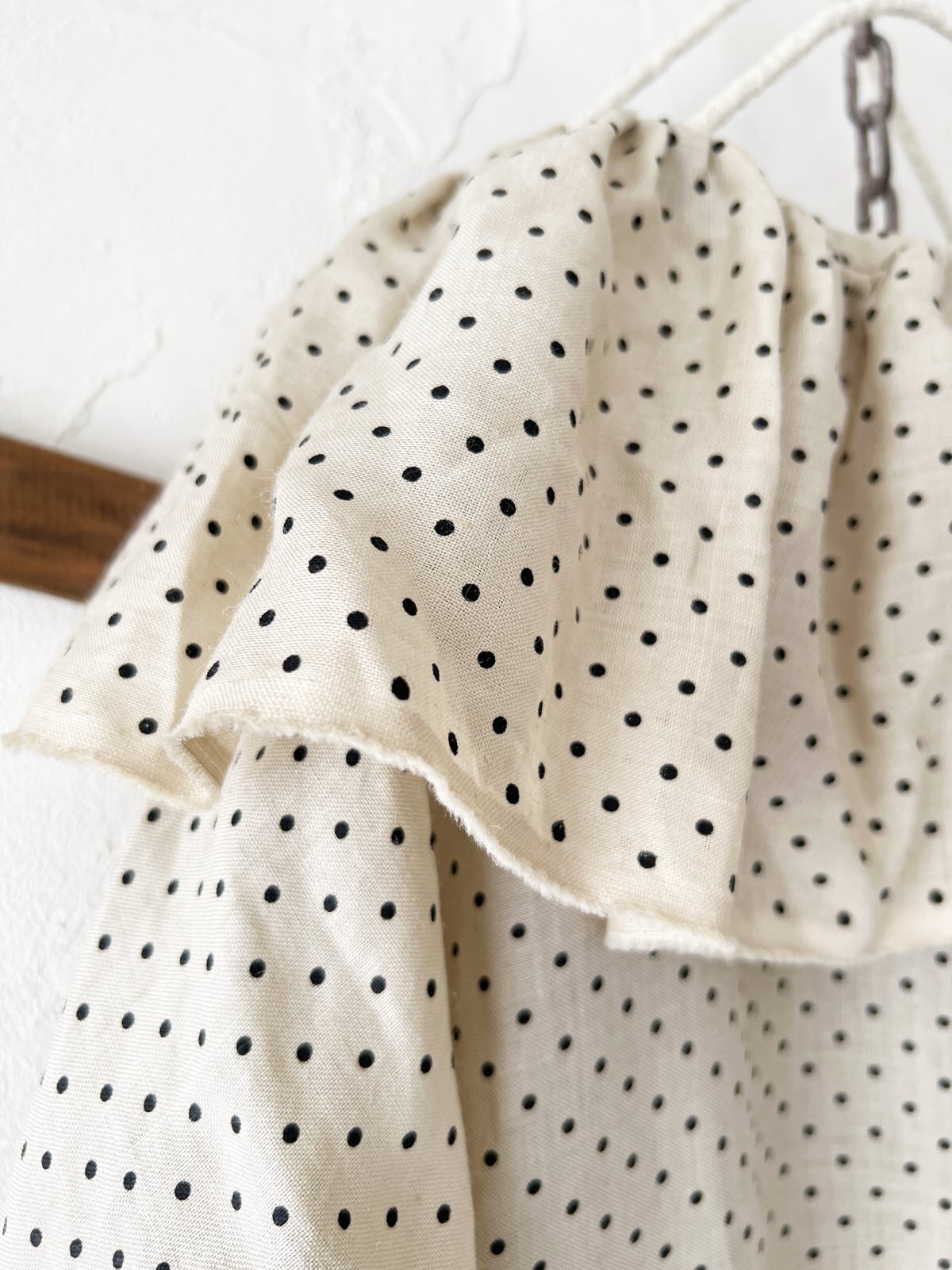 ドット柄リネンのワンピース。
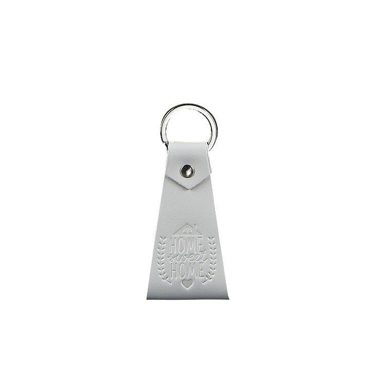 Для виготовлення брелока використовувалася високоякісна натуральна шкіра в сірому кольорі і міцна металева фурнітура.
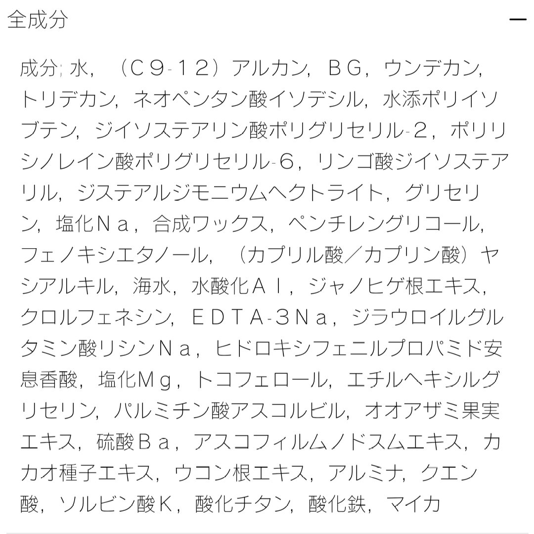 - <02162> 水、(C9-12)アルカン、BG、ウンデカン、トリデカン、ネオペンタン酸イソデシル、水添ポリイソブテン、ジイソステアリン酸ポリグリセリル-2、ポリリシノレイン酸ポリグリセリル-6、リンゴ酸ジイソステアリル、ジステアルジモニウムヘクトライト、グリセリン、塩化Na、合成ワックス、ペンチレングリコール、フェノキシエタノール、(カプリル酸/カプリン酸)ヤシアルキル、海水、水酸化Al、ジャノヒゲ根エキス、クロルフェネシン、EDTA-3Na、ジラウロイルグルタミン酸リシンNa、ヒドロキシフェニルプロパミド安息香酸、塩化Mg、トコフェロール、エチルヘキシルグリセリン、パルミチン酸アスコルビル、オオアザミ果実エキス、硫酸Ba、アスコフィルムノドスムエキス、カカオ種子エキス、ウコン根エキス、アルミナ、クエン酸、ソルビン酸K、酸化チタン、酸化鉄、マイカ <02164> 水、(C9-12)アルカン、BG、ウンデカン、トリデカン、ネオペンタン酸イソデシル、水添ポリイソブテン、ジイソステアリン酸ポリグリセリル-2、ポリリシノレイン酸ポリグリセリル-6、リンゴ酸ジイソステアリル、ジステアルジモニウムヘクトライト、グリセリン、塩化Na、合成ワックス、ペンチレングリコール、フェノキシエタノール、(カプリル酸/カプリン酸)ヤシアルキル、海水、水酸化Al、ジャノヒゲ根エキス、クロルフェネシン、EDTA-3Na、ジラウロイルグルタミン酸リシンNa、ヒドロキシフェニルプロパミド安息香酸、塩化Mg、トコフェロール、エチルヘキシルグリセリン、パルミチン酸アスコルビル、オオアザミ果実エキス、硫酸Ba、アスコフィルムノドスムエキス、カカオ種子エキス、ウコン根エキス、アルミナ、クエン酸、ソルビン酸K、酸化チタン、酸化鉄、マイカ <02166> 水、(C9-12)アルカン、BG、ウンデカン、トリデカン、ネオペンタン酸イソデシル、水添ポリイソブテン、ジイソステアリン酸ポリグリセリル-2、ポリリシノレイン酸ポリグリセリル-6、リンゴ酸ジイソステアリル、ジステアルジモニウムヘクトライト、グリセリン、塩化Na、合成ワックス、ペンチレングリコール、フェノキシエタノール、(カプリル酸/カプリン酸)ヤシアルキル、海水、水酸化Al、ジャノヒゲ根エキス、クロルフェネシン、EDTA-3Na、ジラウロイルグルタミン酸リシンNa、ヒドロキシフェニルプロパミド安息香酸、塩化Mg、トコフェロール、エチルヘキシルグリセリン、パルミチン酸アスコルビル、オオアザミ果実エキス、硫酸Ba、アスコフィルムノドスムエキス、カカオ種子エキス、ウコン根エキス、アルミナ、クエン酸、ソルビン酸K、酸化チタン、酸化鉄、マイカ <02168> 水、(C9-12)アルカン、BG、ウンデカン、トリデカン、ネオペンタン酸イソデシル、水添ポリイソブテン、ジイソステアリン酸ポリグリセリル-2、ポリリシノレイン酸ポリグリセリル-6、リンゴ酸ジイソステアリル、ジステアルジモニウムヘクトライト、グリセリン、塩化Na、合成ワックス、ペンチレングリコール、フェノキシエタノール、(カプリル酸/カプリン酸)ヤシアルキル、海水、水酸化Al、ジャノヒゲ根エキス、クロルフェネシン、EDTA-3Na、ジラウロイルグルタミン酸リシンNa、ヒドロキシフェニルプロパミド安息香酸、塩化Mg、トコフェロール、エチルヘキシルグリセリン、パルミチン酸アスコルビル、オオアザミ果実エキス、硫酸Ba、アスコフィルムノドスムエキス、カカオ種子エキス、ウコン根エキス、アルミナ、クエン酸、ソルビン酸K、酸化チタン、酸化鉄、マイカ <02170> 水、(C9-12)アルカン、BG、ウンデカン、トリデカン、ネオペンタン酸イソデシル、水添ポリイソブテン、ジイソステアリン酸ポリグリセリル-2、ポリリシノレイン酸ポリグリセリル-6、リンゴ酸ジイソステアリル、ジステアルジモニウムヘクトライト、グリセリン、塩化Na、合成ワックス、ペンチレングリコール、フェノキシエタノール、(カプリル酸/カプリン酸)ヤシアルキル、海水、水酸化Al、ジャノヒゲ根エキス、クロルフェネシン、EDTA-3Na、ジラウロイルグルタミン酸リシンNa、ヒドロキシフェニルプロパミド安息香酸、塩化Mg、トコフェロール、エチルヘキシルグリセリン、パルミチン酸アスコルビル、オオアザミ果実エキス、硫酸Ba、アスコフィルムノドスムエキス、カカオ種子エキス、ウコン根エキス、アルミナ、クエン酸、ソルビン酸K、酸化チタン、酸化鉄、マイカ <02172> 水、(C9-12)アルカン、BG、ウンデカン、トリデカン、ネオペンタン酸イソデシル、水添ポリイソブテン、ジイソステアリン酸ポリグリセリル-2、ポリリシノレイン酸ポリグリセリル-6、リンゴ酸ジイソステアリル、ジステアルジモニウムヘクトライト、グリセリン、塩化Na、合成ワックス、ペンチレングリコール、フェノキシエタノール、(カプリル酸/カプリン酸)ヤシアルキル、海水、水酸化Al、ジャノヒゲ根エキス、クロルフェネシン、EDTA-3Na、ジラウロイルグルタミン酸リシンNa、ヒドロキシフェニルプロパミド安息香酸、塩化Mg、トコフェロ
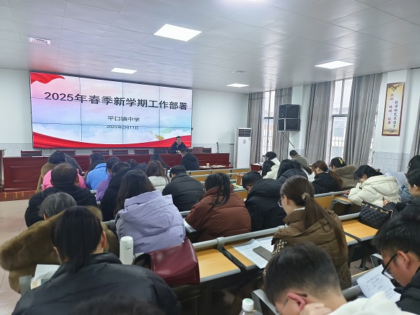 本网讯 2月11日上午,平口镇中学召开了2025年春季师德师风培训暨开学工作动员大会。会议由办公室主任夏明兰主持,全体教职工参会,共绘新学期发展蓝图。 会议以“师德师风第一课”拉开序幕,学校工会主席杨珍娥从学校榜样出发,宣读2024年下期师德标兵、名优班主任、优秀教师名单。紧接着学校师德干部夏明兰以《三代同辉铸师魂,匠心传承育新人》为题作师德师风专题报告,结合《新时代中小学教师职业行为规范十项准则》,引导教师坚守育人初心,提升师德修养。 学校教务处对新学期的教育教学、师训工作进行了安排部署,他强调了体育课程的重要性,要求实施要有针对性,做到一课一落实。新学期,学校课间活动时间将延长至15分钟,以保证学生得到充分的休息与锻炼,促进学生身心健康全面发展。 随后,学校针对校园安全、开学工作流程及教学常规展开细致安排,强调安全是学校工作的生命线,教学常规是教学质量的保障,要求全体教师严格落实。 最后,学校校长伍文才作新学期讲话。他以《灵蛇启新程,杏坛铸辉煌》为题,指出新学年围绕一个中心、突出一个重点、抓牢两条主线、抓实三项工作为工作新思路,锚定方向,共同实现校园平安、办学行为规范、教学质量不滑坡的总体目标。
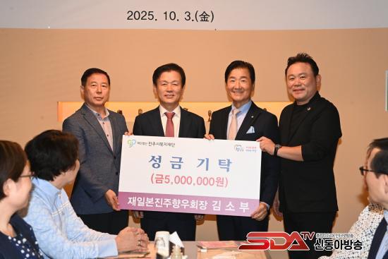 Áö³­ 3ÀÏ¿¡´Â¡®ÀçÀϺ»ÁøÁÖÇâ¿ìȸ¡¯°¡ ¹æ¹®ÇØ Á¶±ÔÀÏ ½ÃÀåÀ» ºñ·ÔÇÑ ÁøÁֽà °ü°èÀÚµé°ú ±è¼ÒºÎ ȸÀåÀ» Æ÷ÇÔÇÑ Çâ¿ìȸ¿øµéÀÌ ¿ìÈ£¸¦ ´ÙÁö´Â ±³·ùÀÇ ½Ã°£À» °¡Á³´Ù. ƯÈ÷ À̳¯ Çâ¿ìȸ¿¡¼­ Áö¿ª»çȸ ¹ßÀü°ú º¹ÁöÇâ»óÀ» À§ÇÑ ¼º±Ý 500¸¸¿øÀ» ÁøÁֽú¹ÁöÀç´Ü¿¡ ±âŹÇÏ¸ç °íÇâ¿¡ ´ëÇÑ ±íÀº ¾ÖÁ¤À» ÀüÇϱ⵵ Çß´Ù.
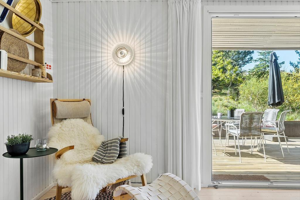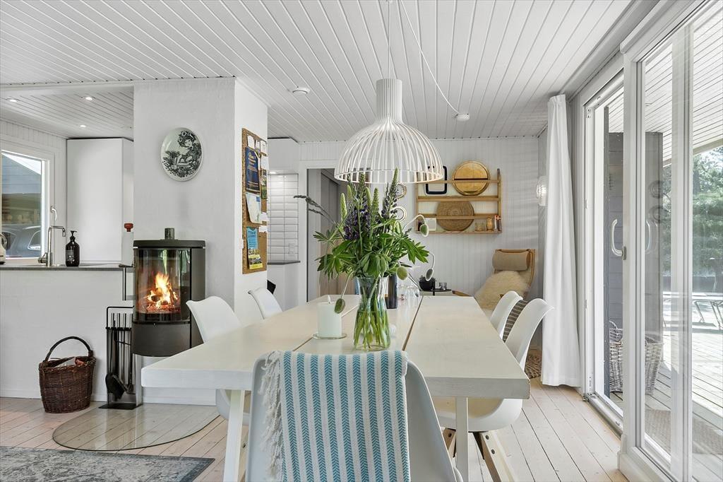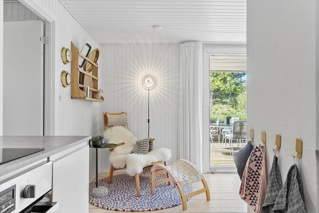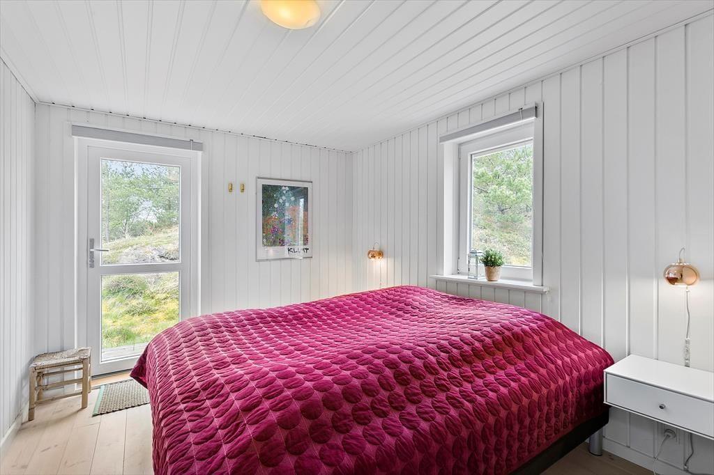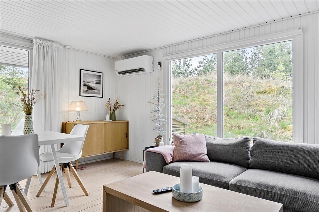 Mit seinem begrünten Dach und der dunklen Holzfassade fügt sich das Haus perfekt in die Natur ringsum ein. Das Hausinnere präsentiert sich nach einer gelungenen Renovierung im Jahr 2020 angenehm schlicht, hell und luftig. Die Renovierung und Modernisierung umfasste unter anderem das gute Badezimmer und die schöne Küche. Letztgenannte ist offen mit dem Wohnraum verbunden. Beim Wohnraum handelt es sich um einen ansprechenden Aufenthaltsraum mit einem Kaminofen, einem Flachbild-TV und großen Fenstern, die einen Ausblick auf das Naturgrundstück gewähren. Die Möblierung verleiht dem Raum eine schön warme Wohnatmosphäre - kurzum genau das, was man im Urlaub benötigt. Die drei Schlafzimmer sind mit je einem Doppelbett eingerichtet.
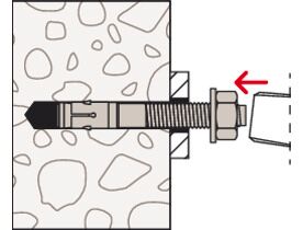 - When applying the torque, the cone bolt is pulled into the expansion clip and expands it against the drill hole wall.
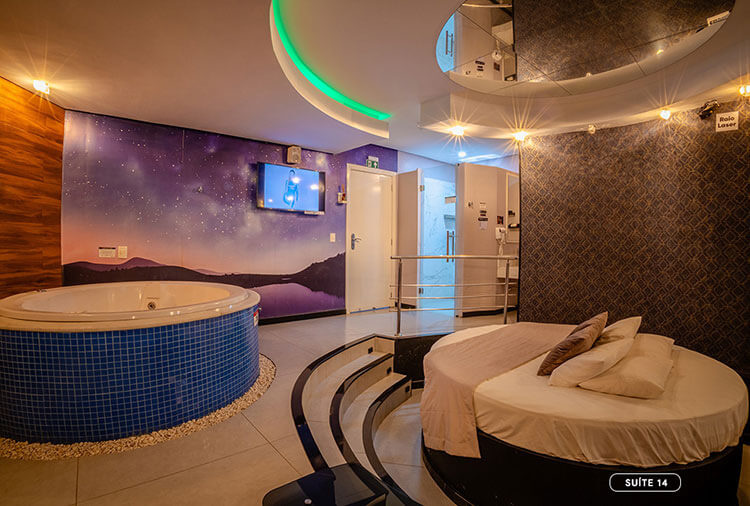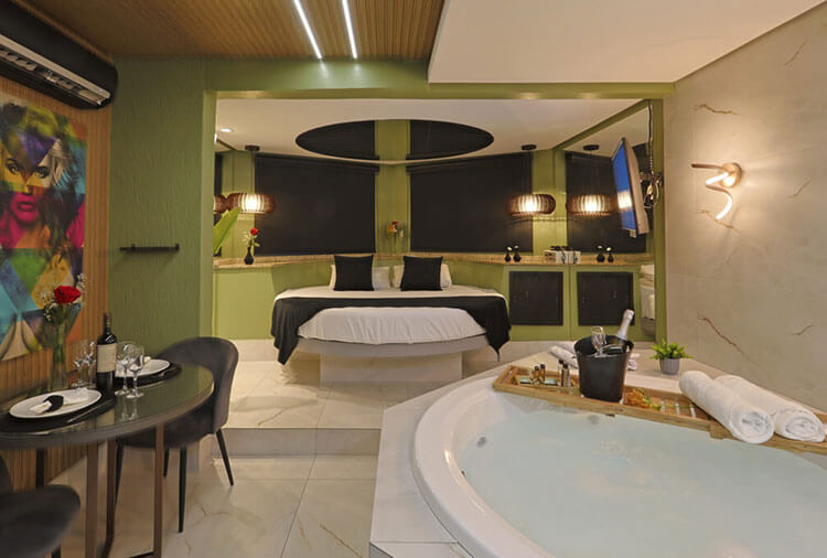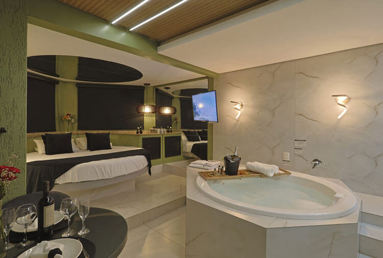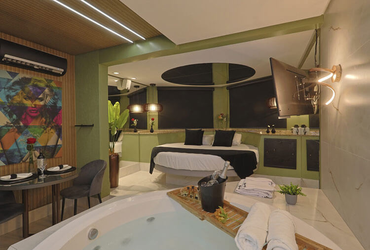 Equipadas com: ar-condicionado, canais de som, garagem privativa, hidromassagem, internet wi-fi, Netflix, secador de cabelo, spotify e TV com canais eróticos
+++
> [PROBLEM DESCRIPTION]
Nothing but the lines from the line with "Mit seinem begrünten" through the end of the listing should appear in the answer, each duplicated exactly, without pictures.

> [ANSWER TO THIS TASK]
 Mit seinem begrünten Dach und der dunklen Holzfassade fügt sich das Haus perfekt in die Natur ringsum ein. Das Hausinnere präsentiert sich nach einer gelungenen Renovierung im Jahr 2020 angenehm schlicht, hell und luftig. Die Renovierung und Modernisierung umfasste unter anderem das gute Badezimmer und die schöne Küche. Letztgenannte ist offen mit dem Wohnraum verbunden. Beim Wohnraum handelt es sich um einen ansprechenden Aufenthaltsraum mit einem Kaminofen, einem Flachbild-TV und großen Fenstern, die einen Ausblick auf das Naturgrundstück gewähren. Die Möblierung verleiht dem Raum eine schön warme Wohnatmosphäre - kurzum genau das, was man im Urlaub benötigt. Die drei Schlafzimmer sind mit je einem Doppelbett eingerichtet.
 - When applying the torque, the cone bolt is pulled into the expansion clip and expands it against the drill hole wall.
 Equipadas com: ar-condicionado, canais de som, garagem privativa, hidromassagem, internet wi-fi, Netflix, secador de cabelo, spotify e TV com canais eróticos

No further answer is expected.